Upon completion of this unique M.S.W. program, Silvia Adames will become a fully licensed behavioral health counselor.
In 2022 the School of Social Work partnered with the Executive Office of Health and Human Services (EOHHS) and the Rhode Island Office of the Postsecondary Commissioner (RIOPC) to launch a unique program to remove the barriers that prevent professionals who work in home- and community-based services from earning their M.S.W. degree and becoming licensed social work clinicians – professionals like Silvia Adames.
Adames is a 51-year-old community health worker for Blackstone Valley Community Health Care. Through RIC’s partnership with the EOHHS and RIOPC, she has been able to enroll in RIC’s Master’s of Social Work program and receive funding for tuition, fees, books and other aid necessary to complete her degree. What’s more, classes are held in the evening so that she can continue her full-time job at Blackstone.
“To have the opportunity to earn my degree is the opportunity I have been waiting for,” she says. “I’ve always wanted to go back to school, but I could never afford it. My supervisor encouraged me to apply. He said, ‘You’ll make a great counselor because you’re already doing the work, only now you’ll be paid for it.’”

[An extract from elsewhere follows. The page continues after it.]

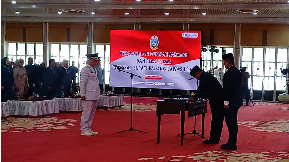 InfraSumut.com – Medan. Patuan Rahmat Syukur P Hasibuan resmi dilantik sebagai Penjabat (Pj) Bupati Padang Lawas Utara (Paluta) oleh Pj Gubernur Sumatera Utara, Hassanudin, di Aula Tengku Rizal Nurdin, Rumah Dinas Gubernur, Jalan Jenderal Sudirman Medan, Senin (27/11/2023) sore.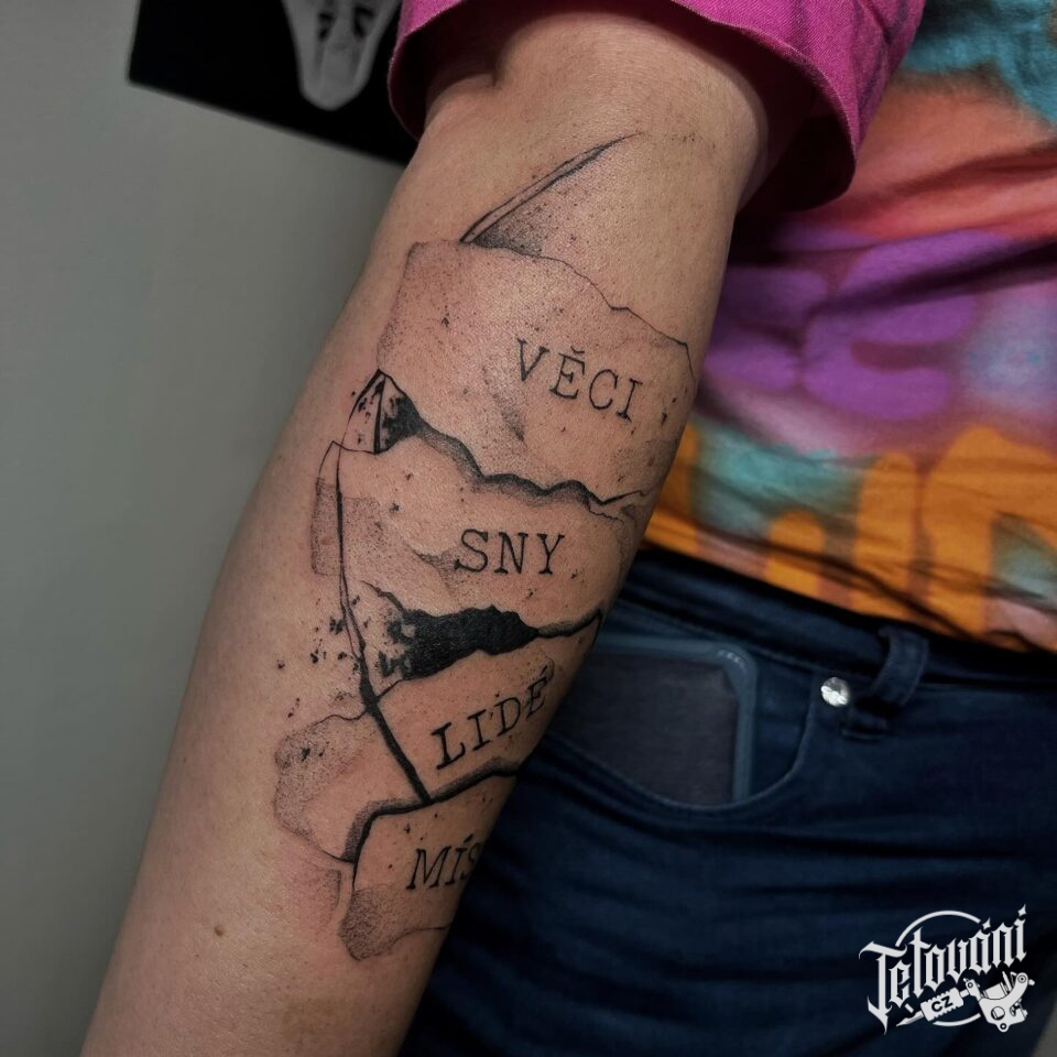 Tetování znaky a symboly, nápisy, citáty, písmena na předloktí

Blackstone Valley Community Health Care and other organizations like it provide services and support to the most marginalized, disadvantaged and stigmatized sections of society. However, it’s because of community health workers like Adames that these organizations are positioned to deliver such services.
A native of the Dominican Republic, Adames has been a Southside Providence resident for 20 years. She understands the local, predominantly Hispanic community and is also connected to the Hispanic demographic that Blackstone Valley serves.
“As a community health worker, I am a bridge between patients and service providers,” she says. “People feel more comfortable talking to someone from their community. They feel freer to tell them about the problems they are facing.”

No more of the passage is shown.